The part below that opens with the line containing "From the first" and closes with the line containing "1、进入游戏后,我们首先进入" should be copied exactly, minus any pictures.
Material shown Block Start
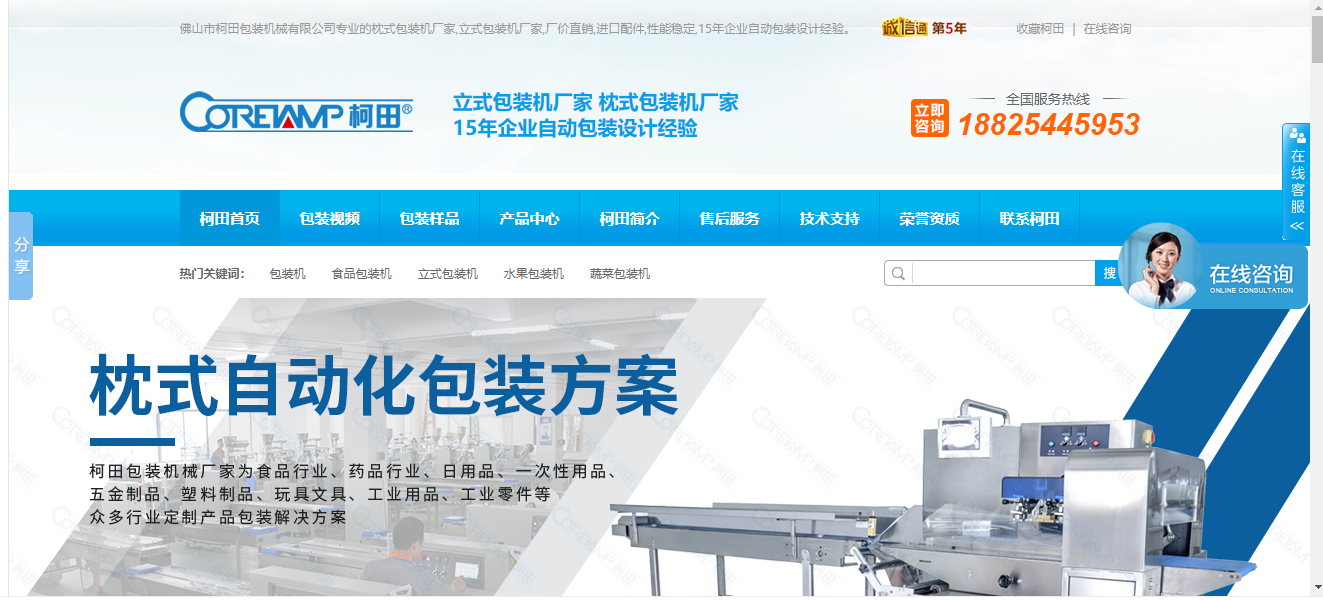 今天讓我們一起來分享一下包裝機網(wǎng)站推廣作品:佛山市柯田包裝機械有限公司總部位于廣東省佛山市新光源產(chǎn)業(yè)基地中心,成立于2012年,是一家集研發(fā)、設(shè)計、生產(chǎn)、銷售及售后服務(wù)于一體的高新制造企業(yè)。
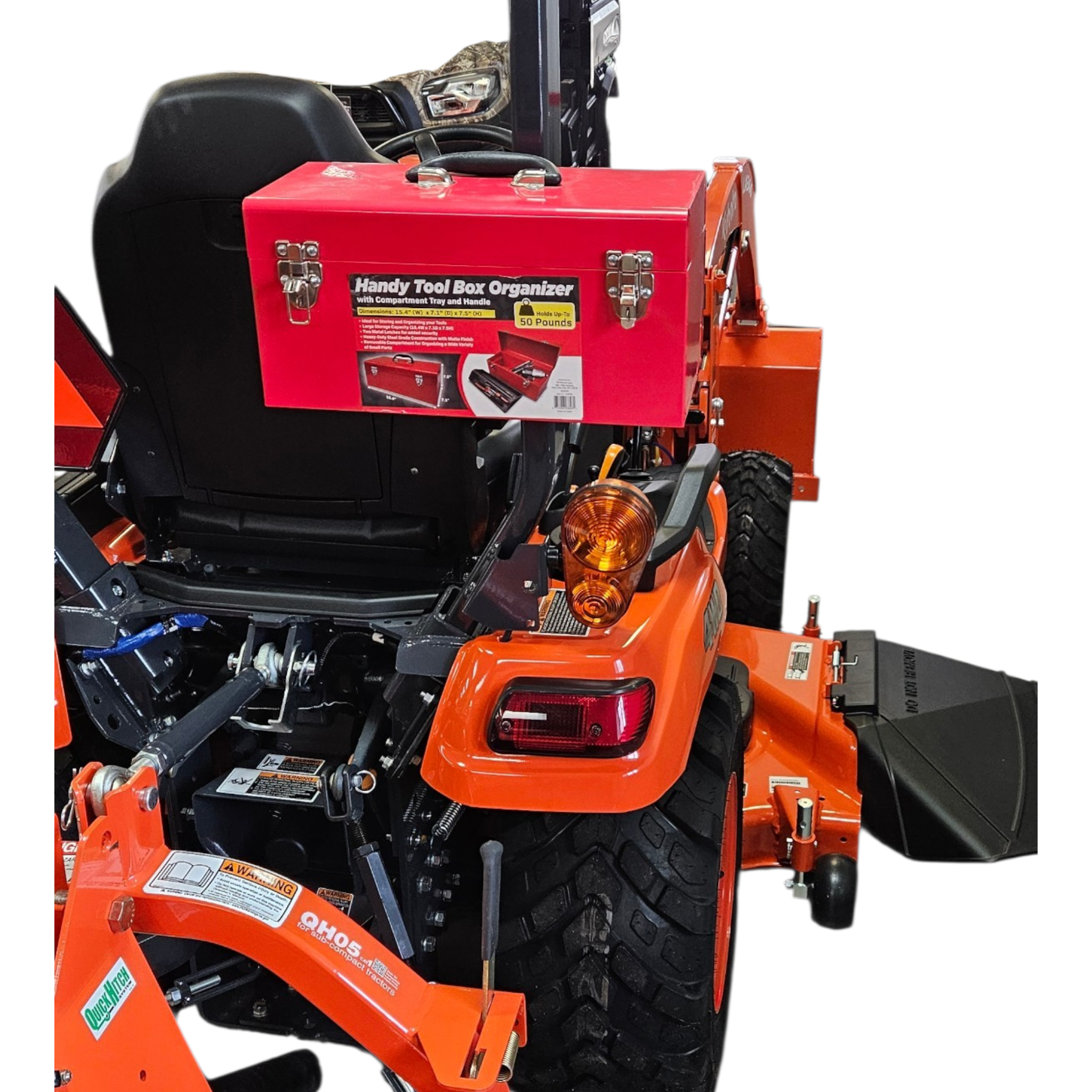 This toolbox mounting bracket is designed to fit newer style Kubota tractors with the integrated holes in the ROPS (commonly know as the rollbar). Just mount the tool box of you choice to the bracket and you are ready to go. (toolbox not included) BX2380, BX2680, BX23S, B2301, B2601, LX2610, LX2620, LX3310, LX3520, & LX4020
Material shown Block End
Material shown Block Start
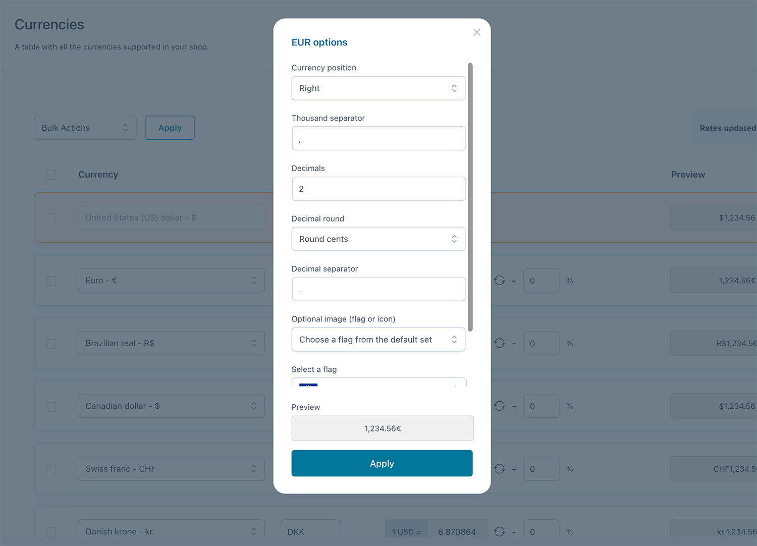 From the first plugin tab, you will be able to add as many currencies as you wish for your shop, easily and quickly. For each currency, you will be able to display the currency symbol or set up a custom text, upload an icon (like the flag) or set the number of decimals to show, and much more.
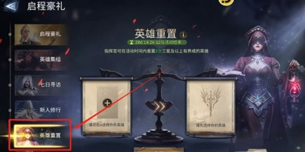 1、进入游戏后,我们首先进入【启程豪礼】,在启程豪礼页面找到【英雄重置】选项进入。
Material shown Block End
Material shown Block Start
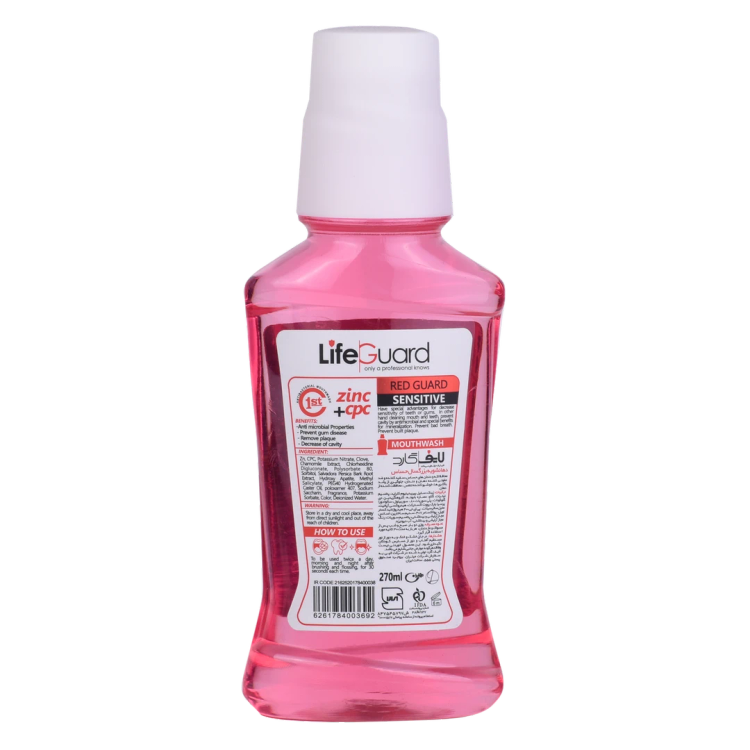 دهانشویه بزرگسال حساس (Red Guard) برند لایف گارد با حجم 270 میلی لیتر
Material shown Block End
§ **Answer space**
 From the first plugin tab, you will be able to add as many currencies as you wish for your shop, easily and quickly. For each currency, you will be able to display the currency symbol or set up a custom text, upload an icon (like the flag) or set the number of decimals to show, and much more.
 1、进入游戏后,我们首先进入【启程豪礼】,在启程豪礼页面找到【英雄重置】选项进入。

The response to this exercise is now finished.